Plants have specialized pigment systems that can capture radiant energy in different regions of the electromagnetic spectrum. For example, photosynthetically active radiation (400-700 nm), captured by chlorophyll pigments, provides the energy for photosynthesis, the process by which plants combine carbon dioxide and water to produce oxygen and carbohydrates. Carbon assimilated during photosynthesis provides the energy to sustain life on earth.
Light also acts as a signal of environmental conditions surrounding the plants. There are photoreceptors that function as signal transducers to provide information that controls physiological and morphological responses. Through these pigments, plants have the ability to perceive subtle changes in light composition for initiation of physiological and morphological changes. This ability of light to control plant morphology is independent of photosynthesis and is known as photomorphogenesis. In photomorphogenesis, photons in specific regions of the spectrum are perceived by the photoreceptors present in smaller quantities. Known photomorphogenic receptors include phytochrome (the red and far-red light sensor that has absorption peaks in red and far-red regions of the spectrum, respectively) and "cryptochrome" (the hypothetical UV-B and blue light sensor).
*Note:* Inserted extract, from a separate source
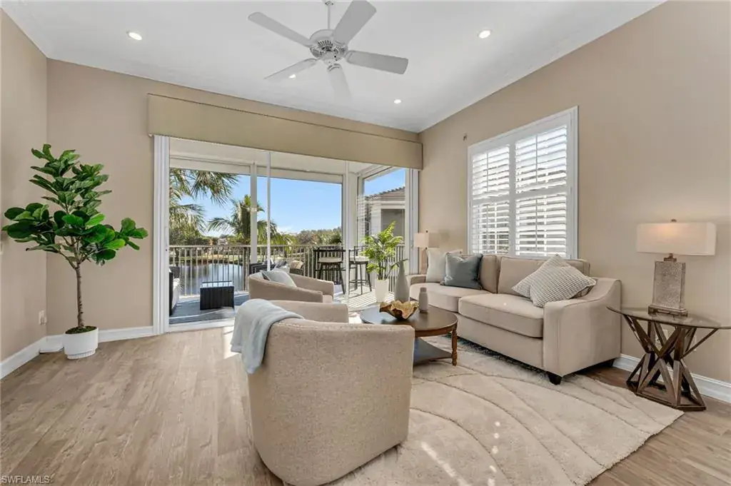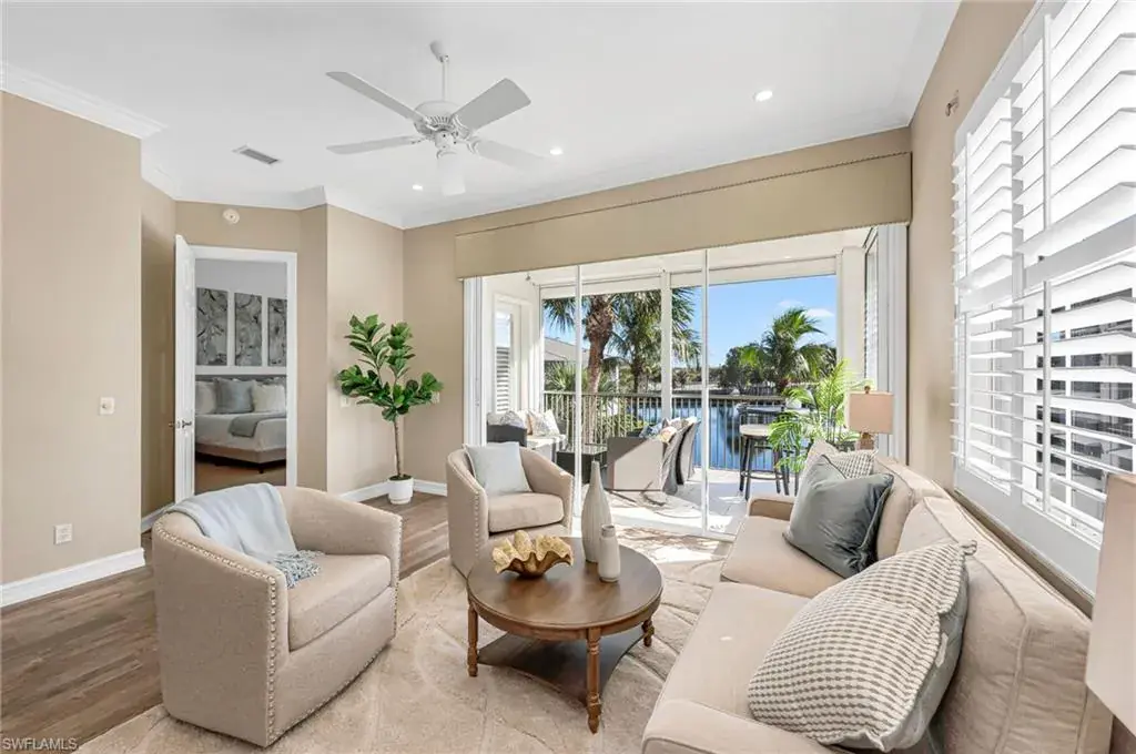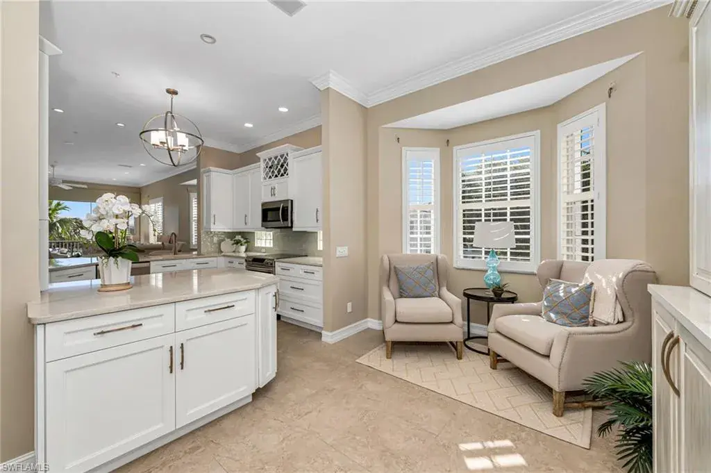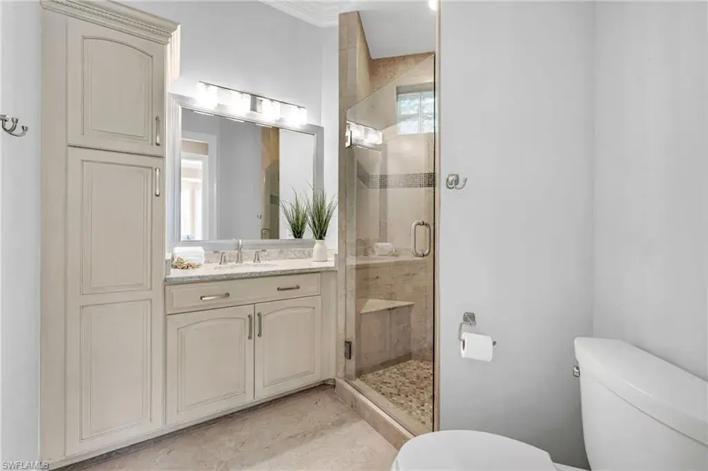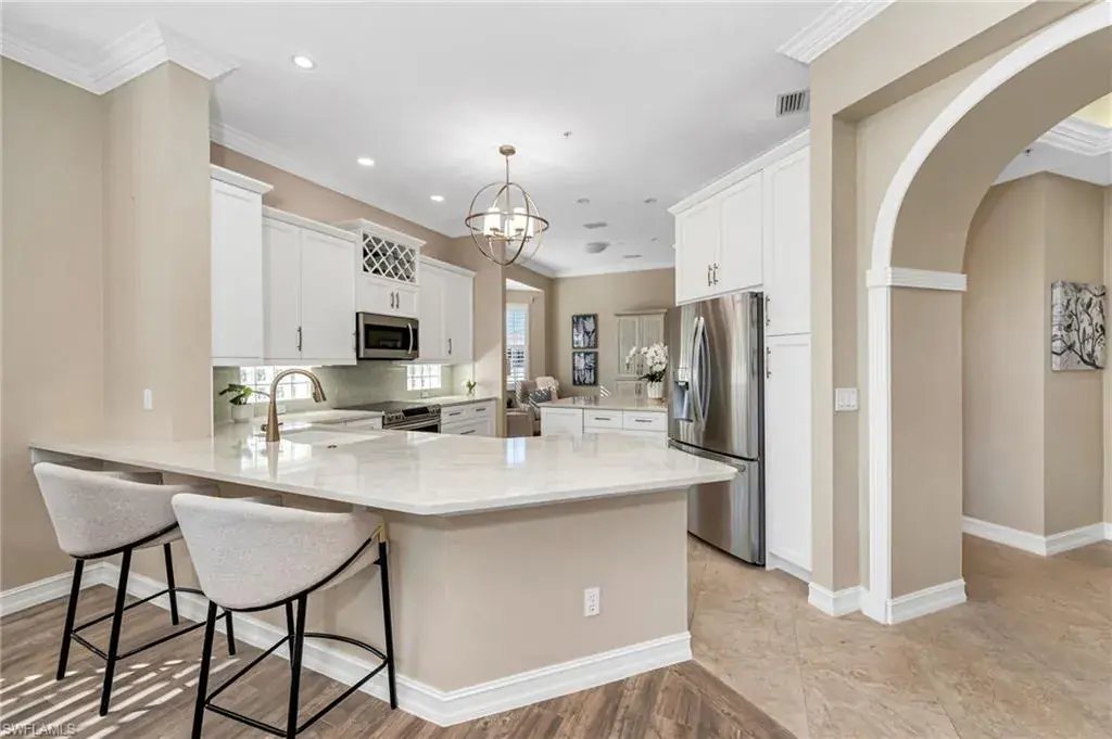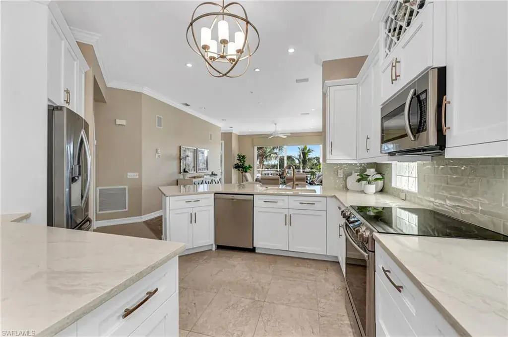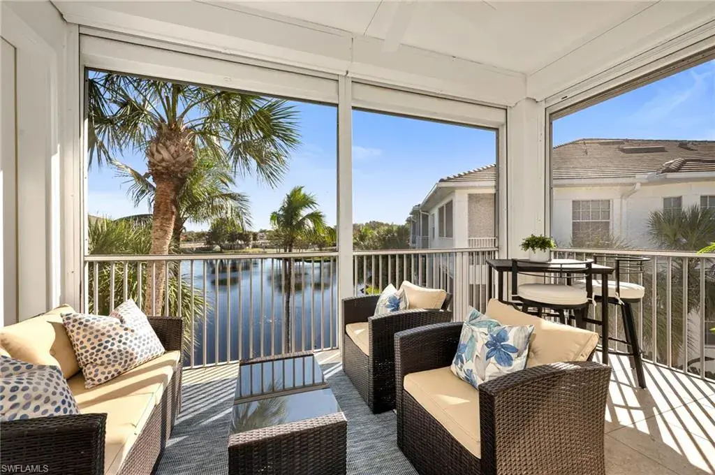 Coveted, second floor END UNIT overlooking a tranquil lake. Enjoy coffee on the screened lanai as natural morning light abounds. Kitchen and bathrooms have been re-imagined with KraftMaid dovetail cabinetry accompanied by quartz and granite countertops. Take advantage of various, roll outs, pot and pan drawers and extensive storage. The kitchen boasts stainless steel appliances with an abundance of counter service areas to prepare meals for guests and family. The floor plan allows for eat in kitchen at the counter, an area for formal dining or a meal on the lanai. All bedrooms recently painted in 2025; as well as newer lighting fixtures and fans in many areas. Breakwater 2nd Floor units enjoy oversized, 30’x 21′ garages which are a premium in Pelican Bay.

Phytochrome is the most intensively studied sensory pigment that controls photomorphogenesis. Phytochrome is capable of detecting wavelengths from 300 to 800 nm with maximum sensitivity in red (R, 600 to 700 nm with peak absorption at 660 nm) and far-red (FR, 700 to 800 nm with peak absorption at 730 nm) wavelengths of the spectrum. This pigment system consists of two interconvertible forms: the Pr form absorbs red light and upon absorption is transformed into the Pfr form which absorbs far-red light and is transformed into the Pr form. Of the two forms, the Pfr form is assumed to be the active form that controls signal transduction and plant response.
Photon ratios between the red and far-red region of the spectrum (R:FR ratio) and in vitro estimates of phytochrome photoequilibrium (f) [amount of phytochrome in the Pfr form relative to total phytochrome (Pfr:Ptot at photoequilibrium)] have been commonly used to quantitatively describe the phytochrome-mediated responses such as stem elongation. In general, f depends largely on the absorption of red and far-red wavelengths by the plant and therefore, f decreases with decreasing R:FR ratio. A hyperbolic relationship exists between R:FR ratio and f indicating that a small change in R:FR ratio can result in a large change in f in the natural environment. Stem elongation rate and height of a range of herbaceous plants have been shown to be inversely proportional to the f (i.e. higher the f shorter the plant). Therefore, by manipulating the red and far-red light in the greenhouse to establish a high f, height of greenhouse crops can be controlled with minimum chemical applications.
Greenhouse light quality manipulation can be achieved either with supplemental electric lighting systems with relatively high red and low far-red light or by spectral filters that can alter red and far-red light balance of sunlight. Incandescent lamps, which are low in R:FR ratio, frequently lead to stem elongation while fluorescent sources, which are high in R:FR ratio, produce short and compact plants. Radiation filters, both liquid and rigid, for improving greenhouse crop productivity and reducing greenhouse temperature gained attention in the 1970s and considerable progress has been made since then.